BEGIN MATERIAL PROVIDED
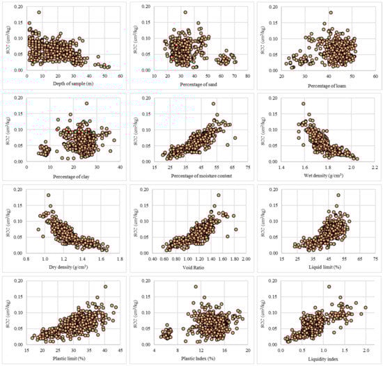 Eventually, the coefficient of compression is considered as the target variable affected by twelve key factors of soil, including depth of sample (DOP), percentage of sand, percentage of loam, percentage of clay, percentage of moisture content (MC), wet density (WD), dry density (DD), void ratio (VR), liquid limit (LL), plastic limit (PL), plastic Index (PI), and liquidity index (LI) as independent variables. Figure 5 depicts the SCC versus the mentioned factors. Moreover, descriptive statistics are available in Table 1.
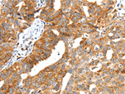 The image on the left is immunohistochemistry of paraffin-embedded Human ovarian cancer tissue using CSB-PA797544(SCT Antibody) at dilution 1/40, on the right is treated with synthetic peptide. (Original magnification: ×200)
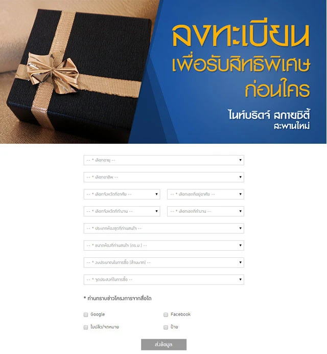 สำหรับผู้ที่สนใจโครงการ ไนท์บริดจ์ สกายซิตี้ สะพานใหม่ (Knightsbridge Skycity Saphanmai) สามารถลงทะเบียนเพื่อรับข้อมูลข่าวสารและสิทธิพิเศษได้ตามลิงก์ด้านล่างนี้
END MATERIAL PROVIDED
AIM OF THE TASK> Transcribe the listing exactly. Its images are to be omitted.

SOLUTION TO THIS TASK>
 Eventually, the coefficient of compression is considered as the target variable affected by twelve key factors of soil, including depth of sample (DOP), percentage of sand, percentage of loam, percentage of clay, percentage of moisture content (MC), wet density (WD), dry density (DD), void ratio (VR), liquid limit (LL), plastic limit (PL), plastic Index (PI), and liquidity index (LI) as independent variables. Figure 5 depicts the SCC versus the mentioned factors. Moreover, descriptive statistics are available in Table 1.
 The image on the left is immunohistochemistry of paraffin-embedded Human ovarian cancer tissue using CSB-PA797544(SCT Antibody) at dilution 1/40, on the right is treated with synthetic peptide. (Original magnification: ×200)
 สำหรับผู้ที่สนใจโครงการ ไนท์บริดจ์ สกายซิตี้ สะพานใหม่ (Knightsbridge Skycity Saphanmai) สามารถลงทะเบียนเพื่อรับข้อมูลข่าวสารและสิทธิพิเศษได้ตามลิงก์ด้านล่างนี้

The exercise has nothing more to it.